**ACTION ITEM:** The data that follows is to be copied exactly, with each image removed.

**RECORDS SUPPLIED:**

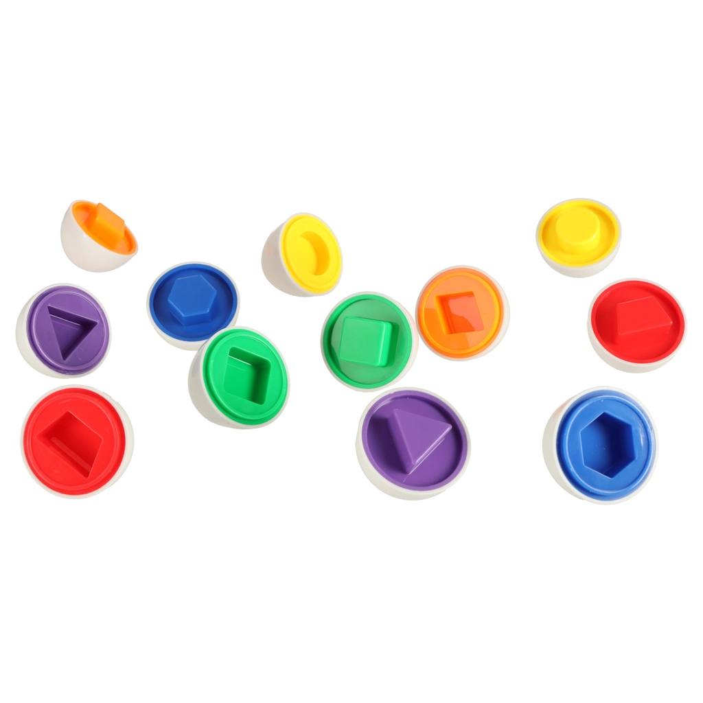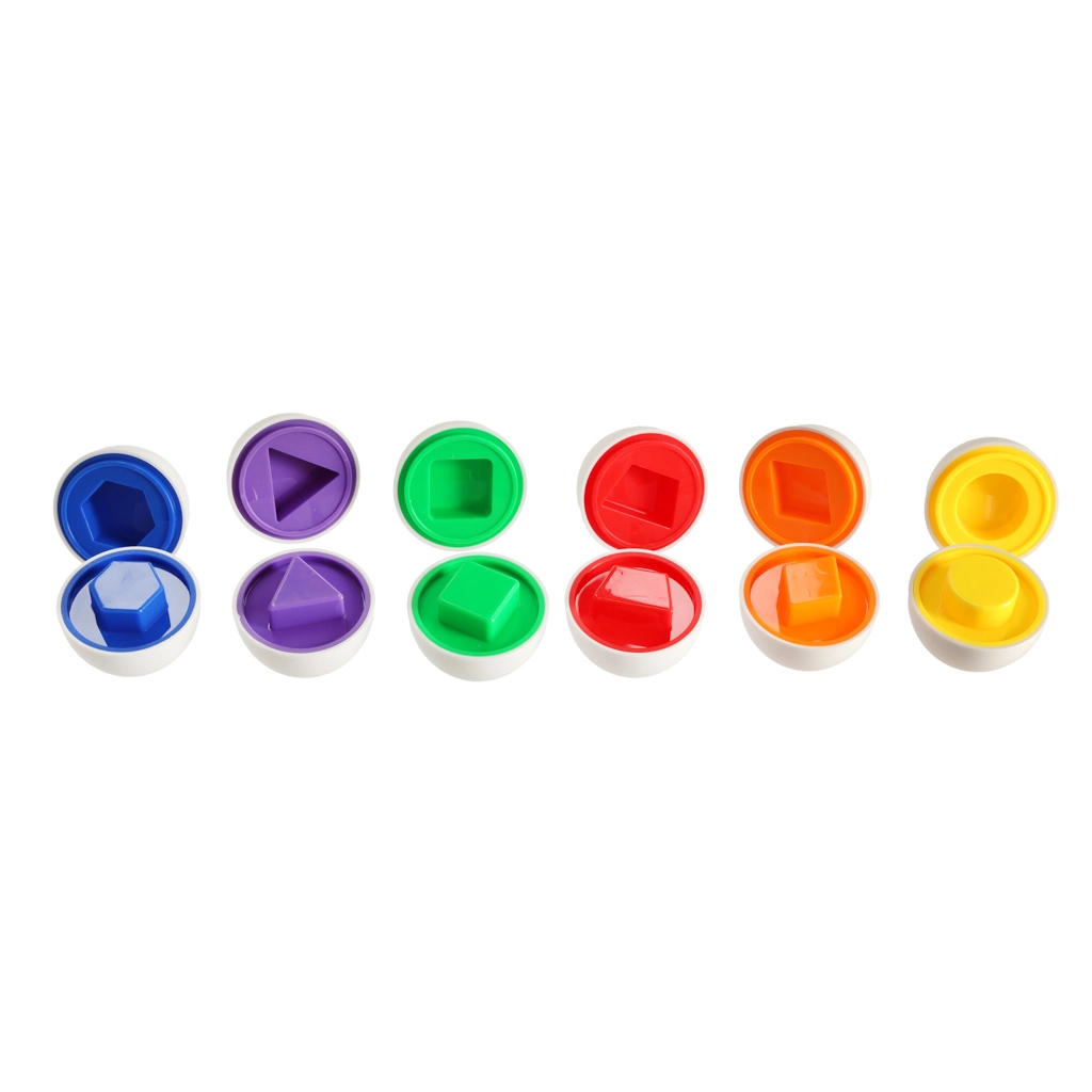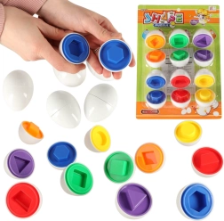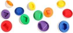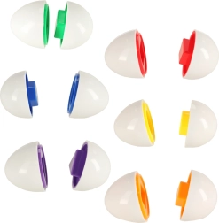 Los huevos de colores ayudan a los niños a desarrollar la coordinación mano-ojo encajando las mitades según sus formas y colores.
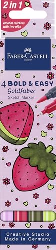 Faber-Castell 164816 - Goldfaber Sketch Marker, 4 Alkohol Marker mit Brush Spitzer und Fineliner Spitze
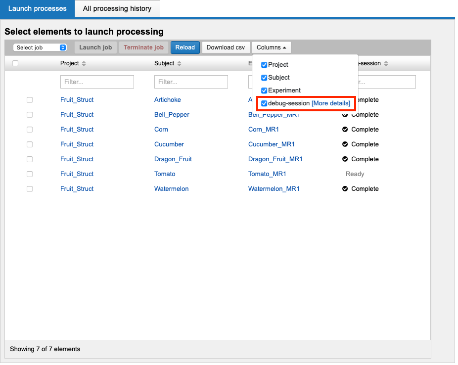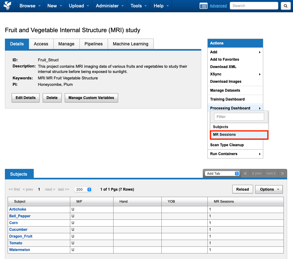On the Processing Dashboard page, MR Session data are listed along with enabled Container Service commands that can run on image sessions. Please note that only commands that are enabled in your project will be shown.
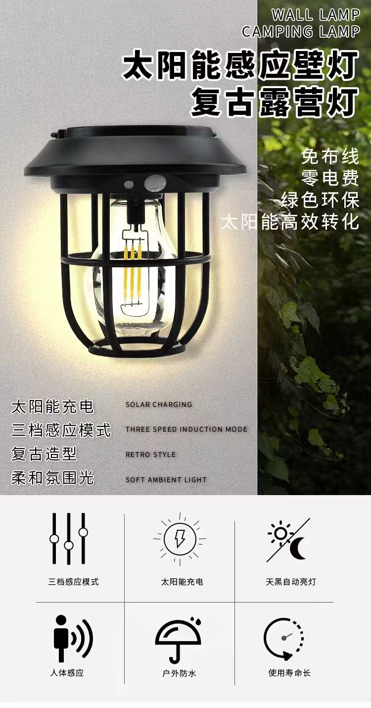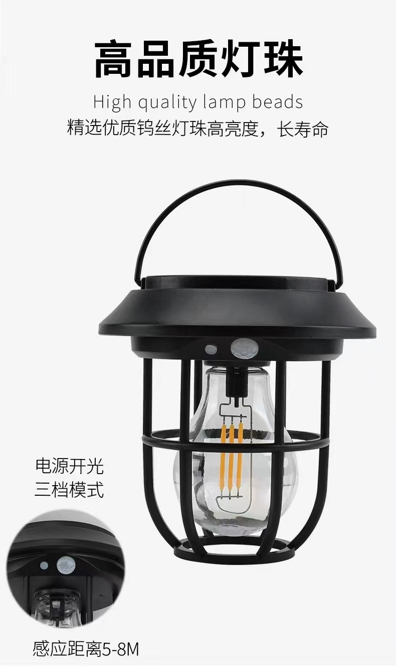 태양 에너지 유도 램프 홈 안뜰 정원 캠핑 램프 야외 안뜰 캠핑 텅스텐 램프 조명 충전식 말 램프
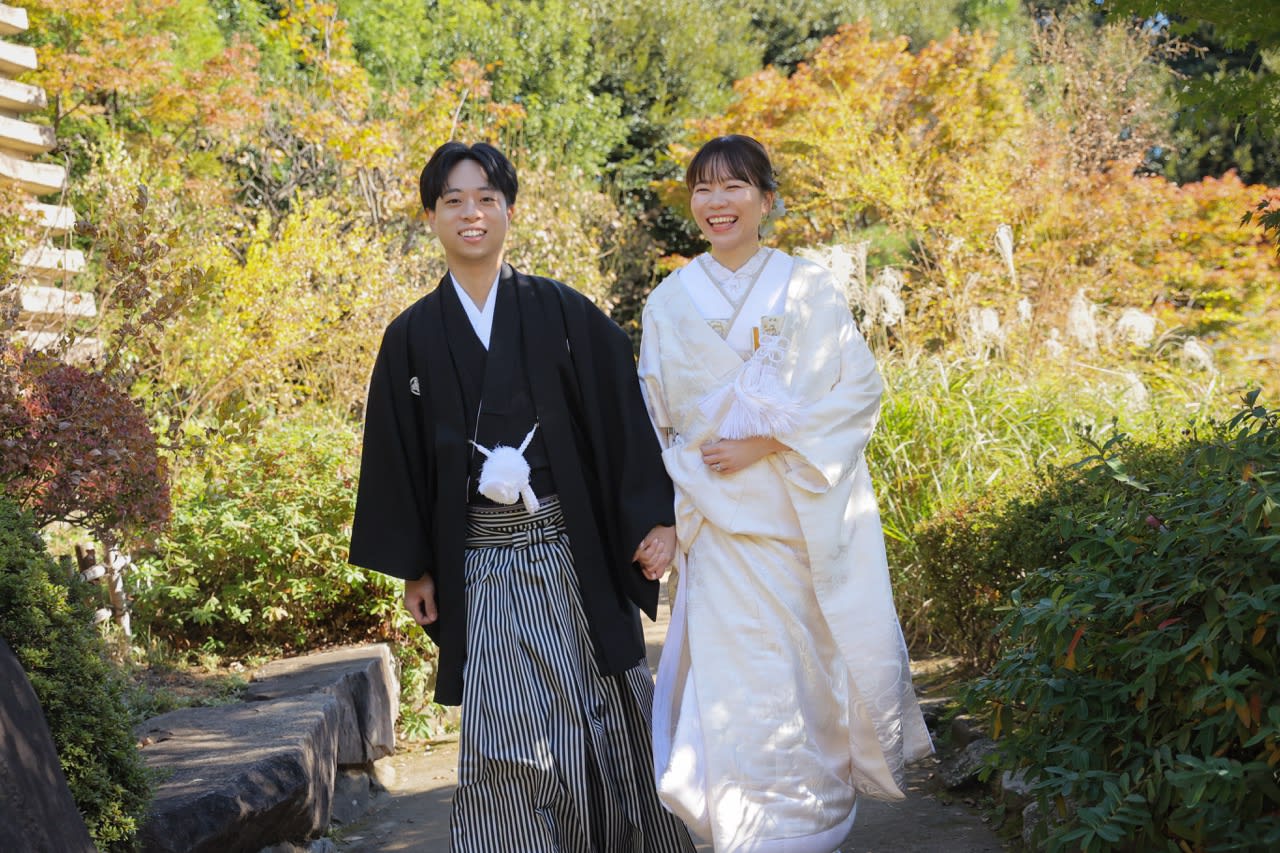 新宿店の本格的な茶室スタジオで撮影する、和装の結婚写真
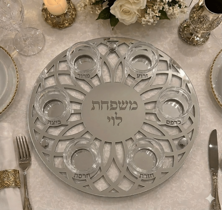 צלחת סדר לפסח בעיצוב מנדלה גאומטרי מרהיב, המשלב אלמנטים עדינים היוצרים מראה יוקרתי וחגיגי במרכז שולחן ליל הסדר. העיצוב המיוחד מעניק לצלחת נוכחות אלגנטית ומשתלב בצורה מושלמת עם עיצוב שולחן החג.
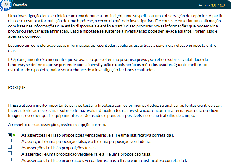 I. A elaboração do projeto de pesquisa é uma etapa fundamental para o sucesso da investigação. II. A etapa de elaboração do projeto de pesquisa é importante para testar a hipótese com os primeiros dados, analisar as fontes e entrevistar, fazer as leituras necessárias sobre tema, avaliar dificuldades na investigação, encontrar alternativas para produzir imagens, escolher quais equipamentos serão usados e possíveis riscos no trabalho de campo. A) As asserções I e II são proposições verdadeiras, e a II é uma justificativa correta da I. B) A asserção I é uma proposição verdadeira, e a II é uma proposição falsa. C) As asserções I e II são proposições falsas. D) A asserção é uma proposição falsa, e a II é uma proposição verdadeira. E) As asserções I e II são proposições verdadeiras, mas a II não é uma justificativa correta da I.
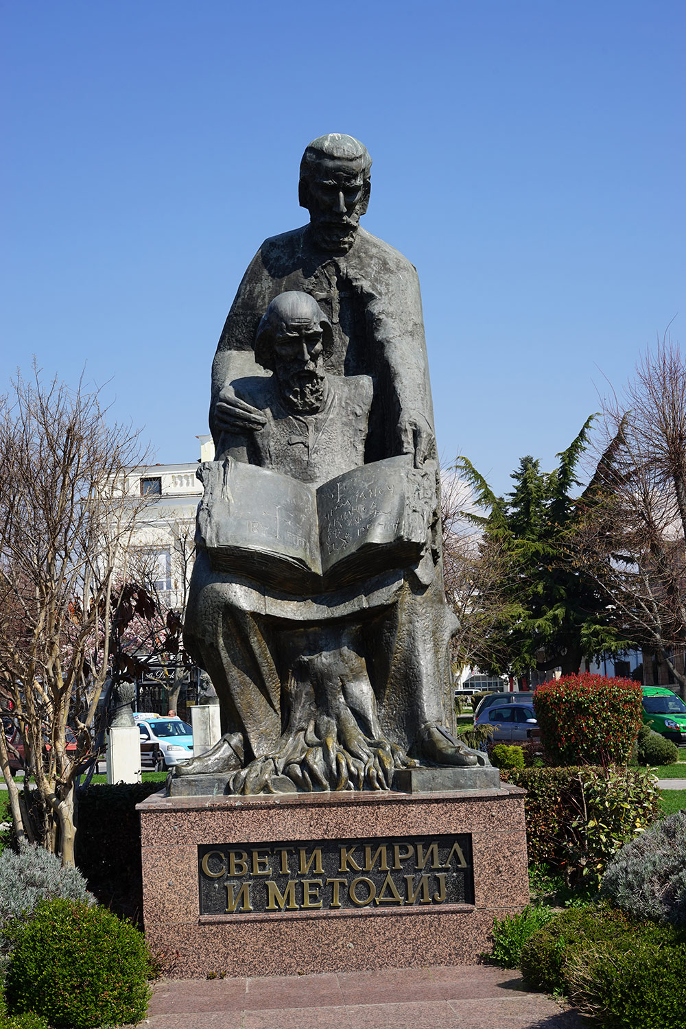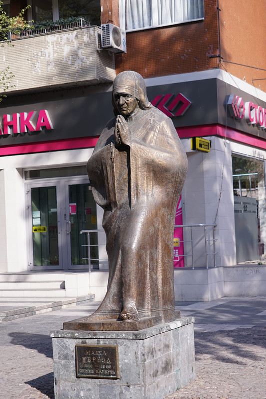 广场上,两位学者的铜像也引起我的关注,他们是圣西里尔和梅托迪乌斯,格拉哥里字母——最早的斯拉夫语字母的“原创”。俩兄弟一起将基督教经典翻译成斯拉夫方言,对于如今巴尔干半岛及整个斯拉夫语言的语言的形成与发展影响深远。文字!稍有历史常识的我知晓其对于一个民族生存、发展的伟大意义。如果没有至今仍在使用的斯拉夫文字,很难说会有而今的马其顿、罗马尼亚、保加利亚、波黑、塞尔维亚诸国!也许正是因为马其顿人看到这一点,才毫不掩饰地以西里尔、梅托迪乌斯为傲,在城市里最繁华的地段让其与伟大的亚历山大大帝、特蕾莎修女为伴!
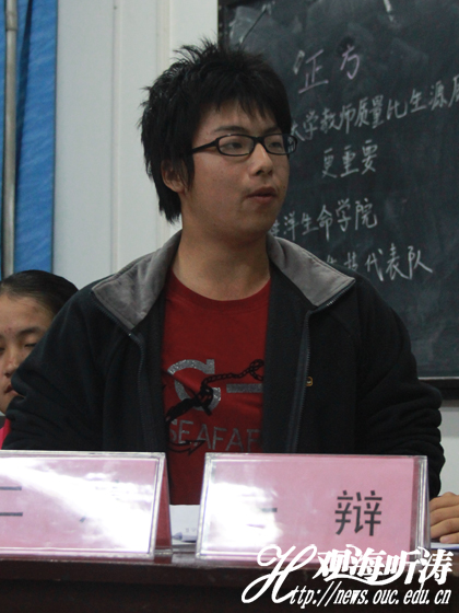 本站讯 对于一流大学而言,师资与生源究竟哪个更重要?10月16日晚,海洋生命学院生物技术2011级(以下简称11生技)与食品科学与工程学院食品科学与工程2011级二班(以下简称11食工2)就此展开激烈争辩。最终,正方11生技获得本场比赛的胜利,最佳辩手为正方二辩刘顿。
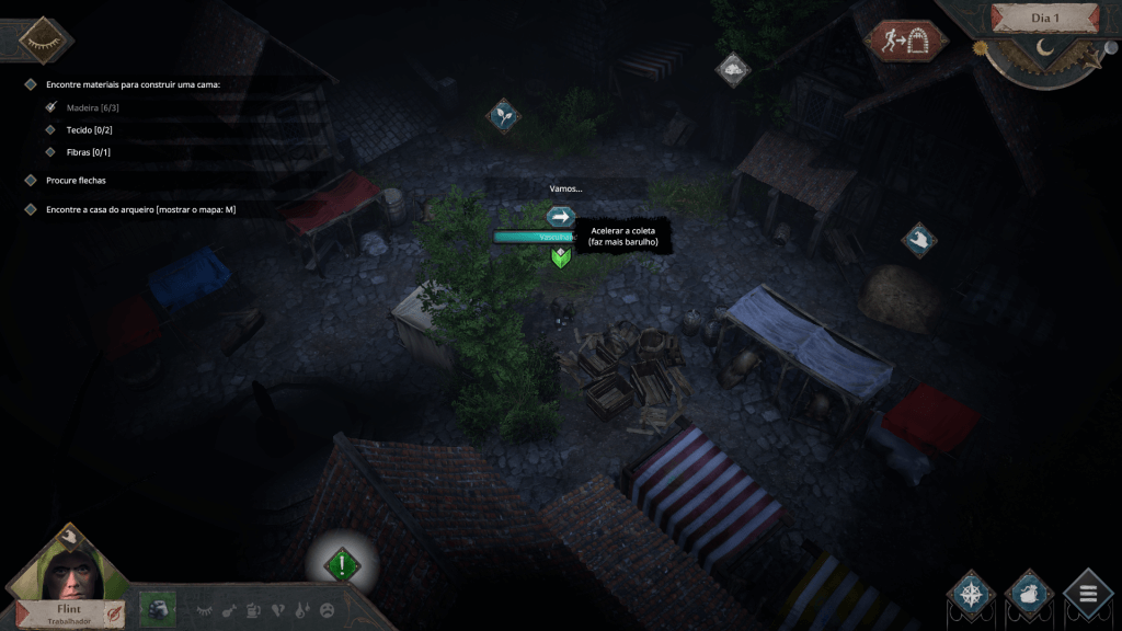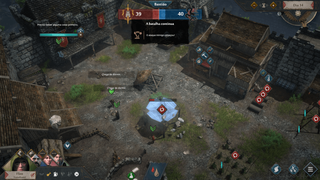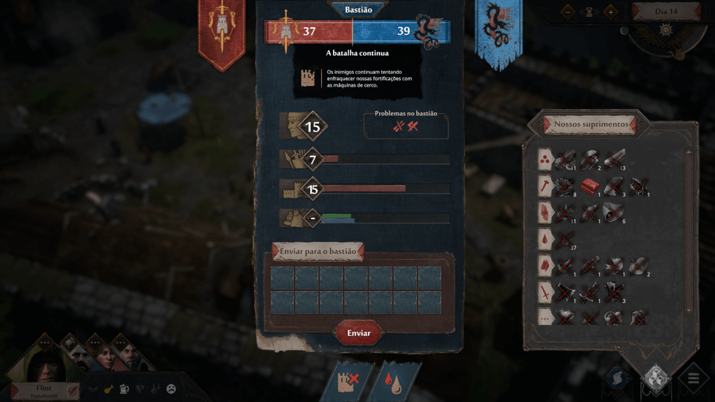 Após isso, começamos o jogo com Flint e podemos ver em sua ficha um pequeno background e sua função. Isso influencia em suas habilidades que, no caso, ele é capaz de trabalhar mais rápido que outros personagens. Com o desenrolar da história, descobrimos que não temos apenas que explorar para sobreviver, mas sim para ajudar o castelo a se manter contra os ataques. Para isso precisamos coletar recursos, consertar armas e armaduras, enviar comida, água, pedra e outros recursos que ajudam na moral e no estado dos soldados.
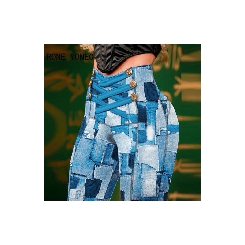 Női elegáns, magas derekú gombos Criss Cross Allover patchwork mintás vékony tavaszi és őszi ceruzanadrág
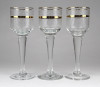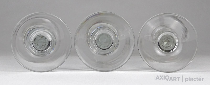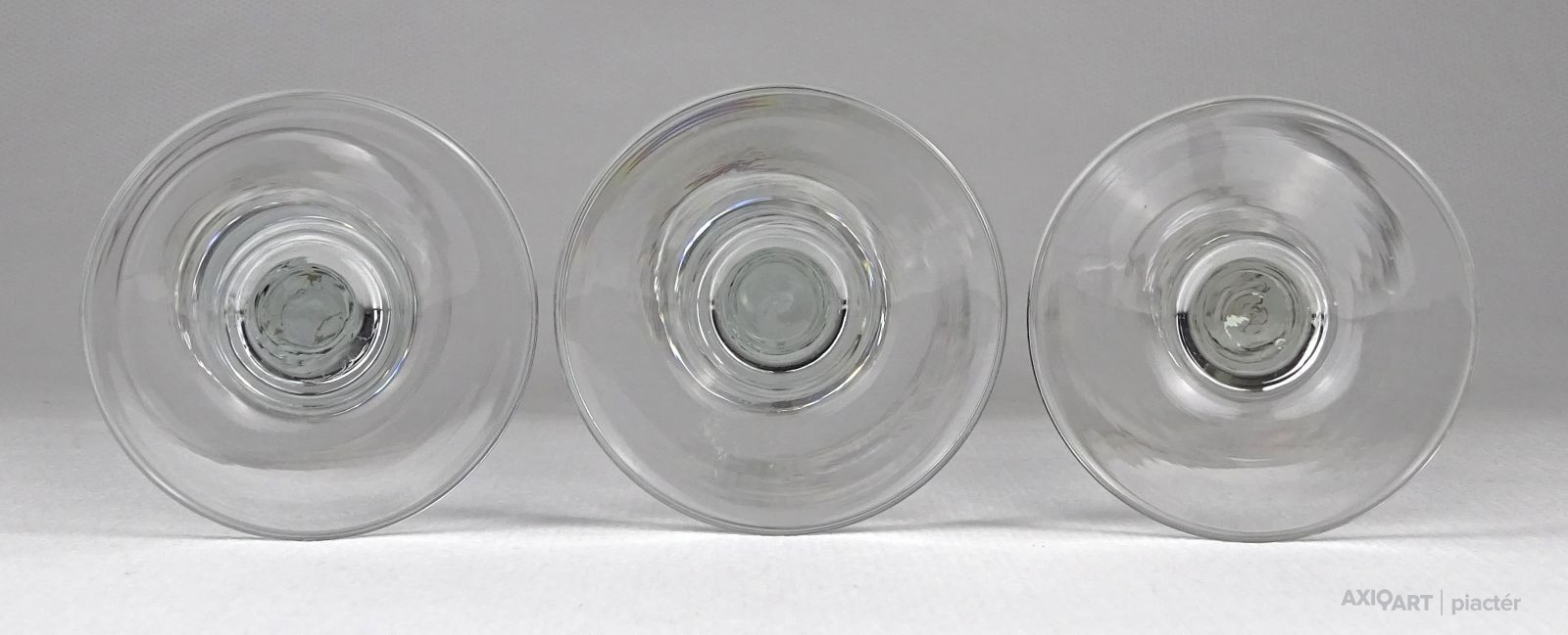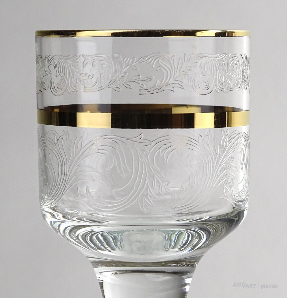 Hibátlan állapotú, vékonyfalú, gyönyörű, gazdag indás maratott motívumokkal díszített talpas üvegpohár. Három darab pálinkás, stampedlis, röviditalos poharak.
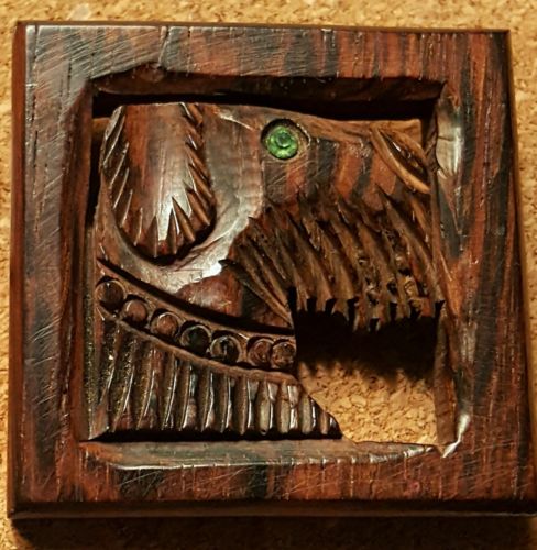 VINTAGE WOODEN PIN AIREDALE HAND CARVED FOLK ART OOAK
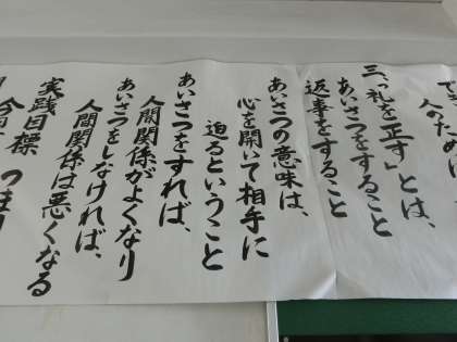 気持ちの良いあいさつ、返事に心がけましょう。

**WRITTEN RESPONSE:**
 Los huevos de colores ayudan a los niños a desarrollar la coordinación mano-ojo encajando las mitades según sus formas y colores.
 Faber-Castell 164816 - Goldfaber Sketch Marker, 4 Alkohol Marker mit Brush Spitzer und Fineliner Spitze
On the Processing Dashboard page, MR Session data are listed along with enabled Container Service commands that can run on image sessions. Please note that only commands that are enabled in your project will be shown.
 태양 에너지 유도 램프 홈 안뜰 정원 캠핑 램프 야외 안뜰 캠핑 텅스텐 램프 조명 충전식 말 램프
 新宿店の本格的な茶室スタジオで撮影する、和装の結婚写真
 צלחת סדר לפסח בעיצוב מנדלה גאומטרי מרהיב, המשלב אלמנטים עדינים היוצרים מראה יוקרתי וחגיגי במרכז שולחן ליל הסדר. העיצוב המיוחד מעניק לצלחת נוכחות אלגנטית ומשתלב בצורה מושלמת עם עיצוב שולחן החג.
 I. A elaboração do projeto de pesquisa é uma etapa fundamental para o sucesso da investigação. II. A etapa de elaboração do projeto de pesquisa é importante para testar a hipótese com os primeiros dados, analisar as fontes e entrevistar, fazer as leituras necessárias sobre tema, avaliar dificuldades na investigação, encontrar alternativas para produzir imagens, escolher quais equipamentos serão usados e possíveis riscos no trabalho de campo. A) As asserções I e II são proposições verdadeiras, e a II é uma justificativa correta da I. B) A asserção I é uma proposição verdadeira, e a II é uma proposição falsa. C) As asserções I e II são proposições falsas. D) A asserção é uma proposição falsa, e a II é uma proposição verdadeira. E) As asserções I e II são proposições verdadeiras, mas a II não é uma justificativa correta da I.
 广场上,两位学者的铜像也引起我的关注,他们是圣西里尔和梅托迪乌斯,格拉哥里字母——最早的斯拉夫语字母的“原创”。俩兄弟一起将基督教经典翻译成斯拉夫方言,对于如今巴尔干半岛及整个斯拉夫语言的语言的形成与发展影响深远。文字!稍有历史常识的我知晓其对于一个民族生存、发展的伟大意义。如果没有至今仍在使用的斯拉夫文字,很难说会有而今的马其顿、罗马尼亚、保加利亚、波黑、塞尔维亚诸国!也许正是因为马其顿人看到这一点,才毫不掩饰地以西里尔、梅托迪乌斯为傲,在城市里最繁华的地段让其与伟大的亚历山大大帝、特蕾莎修女为伴!
 本站讯 对于一流大学而言,师资与生源究竟哪个更重要?10月16日晚,海洋生命学院生物技术2011级(以下简称11生技)与食品科学与工程学院食品科学与工程2011级二班(以下简称11食工2)就此展开激烈争辩。最终,正方11生技获得本场比赛的胜利,最佳辩手为正方二辩刘顿。
 Após isso, começamos o jogo com Flint e podemos ver em sua ficha um pequeno background e sua função. Isso influencia em suas habilidades que, no caso, ele é capaz de trabalhar mais rápido que outros personagens. Com o desenrolar da história, descobrimos que não temos apenas que explorar para sobreviver, mas sim para ajudar o castelo a se manter contra os ataques. Para isso precisamos coletar recursos, consertar armas e armaduras, enviar comida, água, pedra e outros recursos que ajudam na moral e no estado dos soldados.
 Női elegáns, magas derekú gombos Criss Cross Allover patchwork mintás vékony tavaszi és őszi ceruzanadrág
 Hibátlan állapotú, vékonyfalú, gyönyörű, gazdag indás maratott motívumokkal díszített talpas üvegpohár. Három darab pálinkás, stampedlis, röviditalos poharak.
 VINTAGE WOODEN PIN AIREDALE HAND CARVED FOLK ART OOAK
 気持ちの良いあいさつ、返事に心がけましょう。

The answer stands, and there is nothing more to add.